A chemical reaction involves the transformation of substances through breaking and forming chemical bonds, resulting in the production of new substances. In the given exercise, we explore two possible reactions involving acids and sodium carbonate. These are described as:

• \( 2 \mathrm{HCl} + \mathrm{Na}_2\mathrm{CO}_3 \rightarrow 2 \mathrm{NaCl} + \mathrm{H}_2\mathrm{O} + \mathrm{CO}_2 \)
• \( \mathrm{H}_2\mathrm{SO}_4 + \mathrm{Na}_2\mathrm{CO}_3 \rightarrow \mathrm{Na}_2\mathrm{SO}_4 + \mathrm{H}_2\mathrm{O} + \mathrm{CO}_2 \)
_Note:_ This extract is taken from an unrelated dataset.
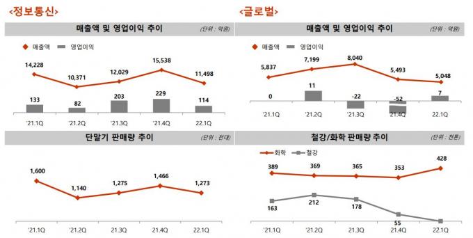 '사업형 투자회사'로 전환 가속화…투자 포트폴리오 다양화 SK네트웍스가 9일 실적 공시를 통해 1분기 연결 기준 매출 2조5007억 원, 영업이익 433억 원을 기록했다고 밝혔다. SK네트웍스는 "글로벌 반도체 수급 이슈에 따른 단말기 영향으로 매출은 전년에 비해 하락했지만, 렌탈 자회사 실적이 늘고 호텔 영업력이 회복하며 영업이익이 크게 늘었다"고 설명했다.

In each reaction, the acid reacts with sodium carbonate to produce carbon dioxide, water, and a salt. The chemical reaction provides insight into the stoichiometry, which is the quantitative relationship between reactants and products.In stoichiometry, balancing the chemical equation is vital to ensure that the number of atoms for each element is the same on both sides of the reaction. This balance also helps in estimating the amount of reactants needed and predicting the amount of products formed, including \(\mathrm{CO}_2\). Without understanding the concept of a chemical reaction, determining the nature of the acid used would be challenging.

Acid-Base Reaction

An acid-base reaction is a special kind of chemical reaction where an acid reacts with a base, often resulting in the formation of salt and water. In the exercise, we focus on the reaction of an acid with a carbonate base (\(\mathrm{Na}_2\mathrm{CO}_3\)).Key points about acid-base reactions:

• Acids provide hydrogen ions (H\(^+\)).
• Bases often provide hydroxide ions (OH\(^-\)), or react by accepting hydrogen ions.
• Carbonates like \(\mathrm{Na}_2\mathrm{CO}_3\) release \(\mathrm{CO}_2\) gas when they react with acids.

In this problem, the acid (either \(\mathrm{HCl}\) or \(\mathrm{H}_2\mathrm{SO}_4\)) reacts with the base \(\mathrm{Na}_2\mathrm{CO}_3\) to form \(\mathrm{CO}_2\), a common product in such reactions. Understanding this concept helps us predict the products of the reaction and is crucial in determining the unknown acid in the exercise.